EXERCISE DESCRIPTION :: An exact copy of the entries below is required, with all pictures removed.

THE INPUT ::

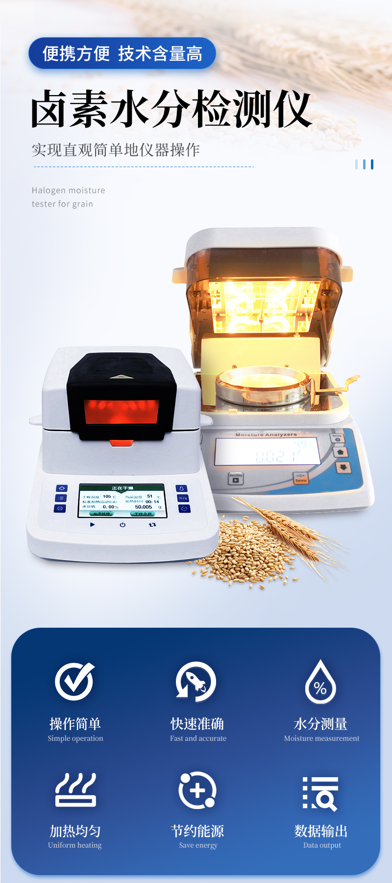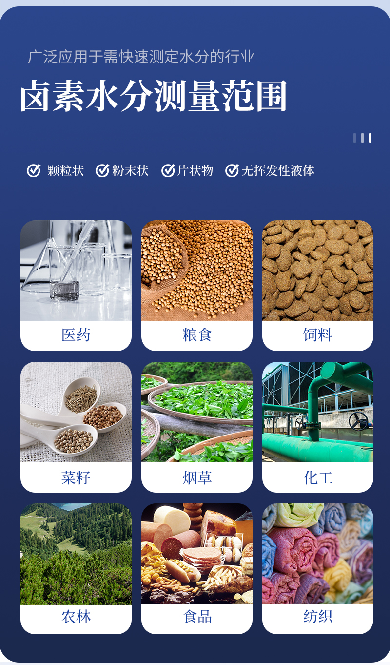 鹵素水分儀用于如:醫(yī)藥、塑膠、化工、食品、糧食、飼料、鈣鎂、質(zhì)量監(jiān)督檢驗(yàn)、等各行業(yè)中的生產(chǎn)過(guò)與實(shí)驗(yàn)過(guò)程中, 具有良好重現(xiàn)性的水分測(cè)定結(jié)果;清晰的按鍵和水分測(cè)定信息顯示,實(shí)現(xiàn)直觀簡(jiǎn)單地儀器操作;創(chuàng)新的預(yù)先存儲(chǔ)的16種不同樣品水分測(cè)定方法數(shù)據(jù)庫(kù),使得測(cè)試方法的開(kāi)發(fā)快速、簡(jiǎn)單
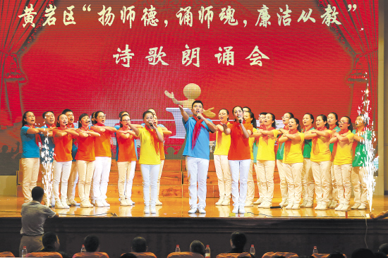 师道有尊扬正气,廉德无价袖清风。近日,黄岩区第一纪工委、黄岩区教育局联合组织全区中小学开展“扬师德、颂师魂、廉洁从教”诗歌朗诵比赛,引导全区教师牢固树立“德高为师、身正为范”的教育理念,以德修己,以德育人,塑造教师队伍的良好形象。郏静妮周薇薇摄
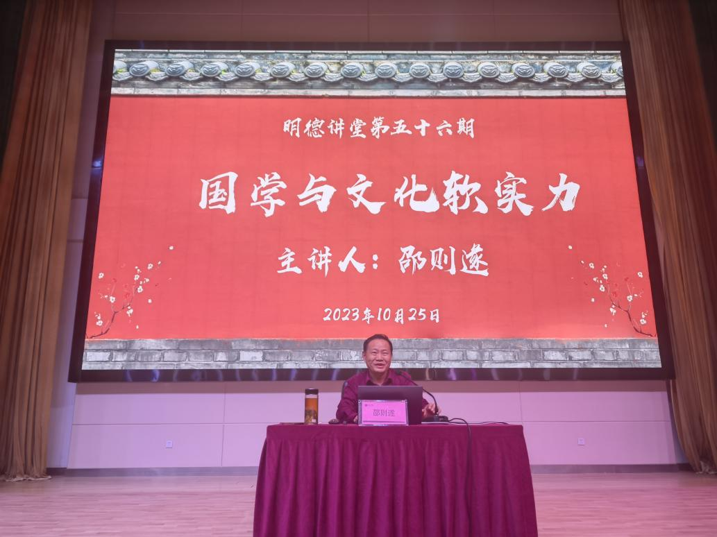 邵则遂教授在讲述中表示,国学其原义为国家所设立的教育机构和学校,随着演变,现在的国学是指源远流长的中国历史文化,博大精深的文化内涵。从生生不息的变意之道到和而不同的共处理念;从天下兴亡、匹夫有责的爱国精神到扶正扬善、恪守信义的社会美德。这些无疑是民族文化的思想根基,也是弘扬中华文化的宝贵财富和资源优势。
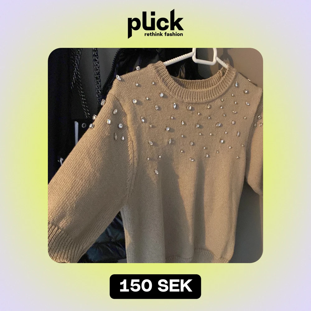 Säljer en superfin beige stickad tröja från Zara. Den har glittriga pärlor över axlarna och bröstet som ger
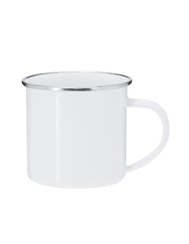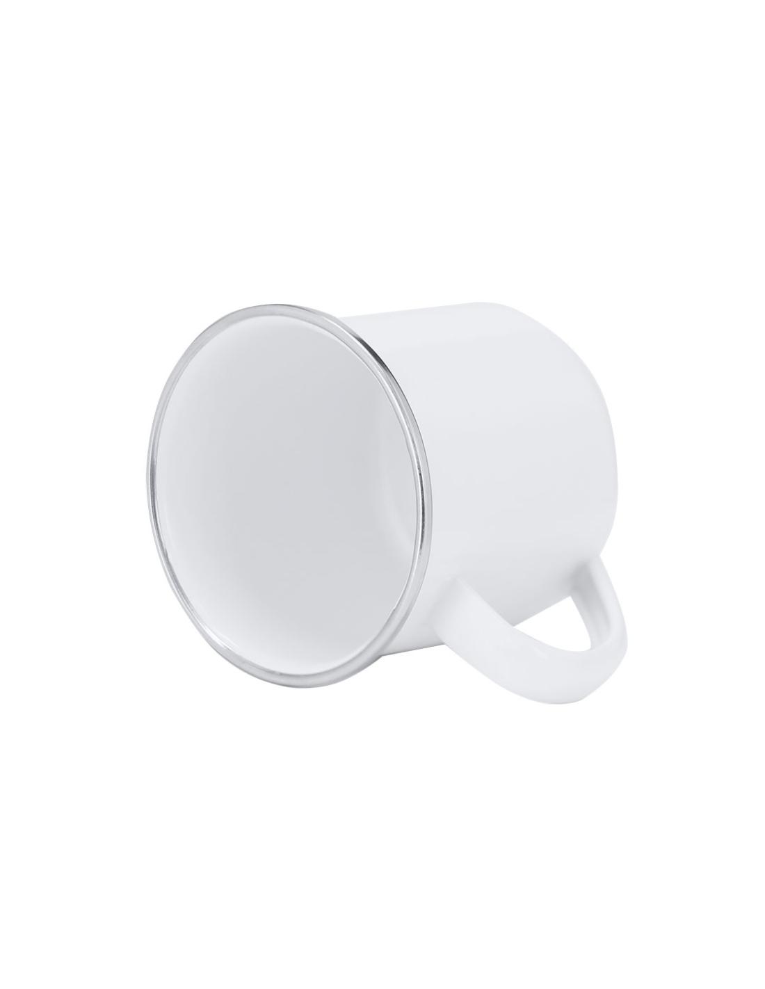Taza metálica de 200ml de capacidad con diseño vintage y acabado blanco brillante con elegante detalle en cromado en el borde. Diseñada especialmente para la sublimación.
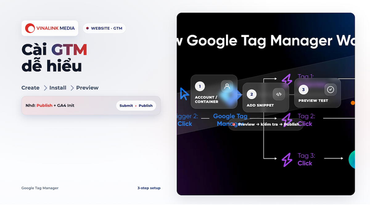 Hiểu rõ cấu trúc Tag – Trigger – Variable là bước đầu tiên để sử dụng Google Tag Manager hiệu quả cho người mới bắt đầu. Mỗi phần tử đóng vai trò riêng biệt nhưng phối hợp chặt chẽ: Tag là đoạn mã thực thi, Trigger quyết định khi nào mã đó chạy, và Variable cung cấp dữ liệu cho các điều kiện hoặc tag.

SOLUTION TO THIS PROBLEM ::
 鹵素水分儀用于如:醫(yī)藥、塑膠、化工、食品、糧食、飼料、鈣鎂、質(zhì)量監(jiān)督檢驗(yàn)、等各行業(yè)中的生產(chǎn)過(guò)與實(shí)驗(yàn)過(guò)程中, 具有良好重現(xiàn)性的水分測(cè)定結(jié)果;清晰的按鍵和水分測(cè)定信息顯示,實(shí)現(xiàn)直觀簡(jiǎn)單地儀器操作;創(chuàng)新的預(yù)先存儲(chǔ)的16種不同樣品水分測(cè)定方法數(shù)據(jù)庫(kù),使得測(cè)試方法的開(kāi)發(fā)快速、簡(jiǎn)單
 师道有尊扬正气,廉德无价袖清风。近日,黄岩区第一纪工委、黄岩区教育局联合组织全区中小学开展“扬师德、颂师魂、廉洁从教”诗歌朗诵比赛,引导全区教师牢固树立“德高为师、身正为范”的教育理念,以德修己,以德育人,塑造教师队伍的良好形象。郏静妮周薇薇摄
 邵则遂教授在讲述中表示,国学其原义为国家所设立的教育机构和学校,随着演变,现在的国学是指源远流长的中国历史文化,博大精深的文化内涵。从生生不息的变意之道到和而不同的共处理念;从天下兴亡、匹夫有责的爱国精神到扶正扬善、恪守信义的社会美德。这些无疑是民族文化的思想根基,也是弘扬中华文化的宝贵财富和资源优势。
 Säljer en superfin beige stickad tröja från Zara. Den har glittriga pärlor över axlarna och bröstet som ger
Taza metálica de 200ml de capacidad con diseño vintage y acabado blanco brillante con elegante detalle en cromado en el borde. Diseñada especialmente para la sublimación.
 Hiểu rõ cấu trúc Tag – Trigger – Variable là bước đầu tiên để sử dụng Google Tag Manager hiệu quả cho người mới bắt đầu. Mỗi phần tử đóng vai trò riêng biệt nhưng phối hợp chặt chẽ: Tag là đoạn mã thực thi, Trigger quyết định khi nào mã đó chạy, và Variable cung cấp dữ liệu cho các điều kiện hoặc tag.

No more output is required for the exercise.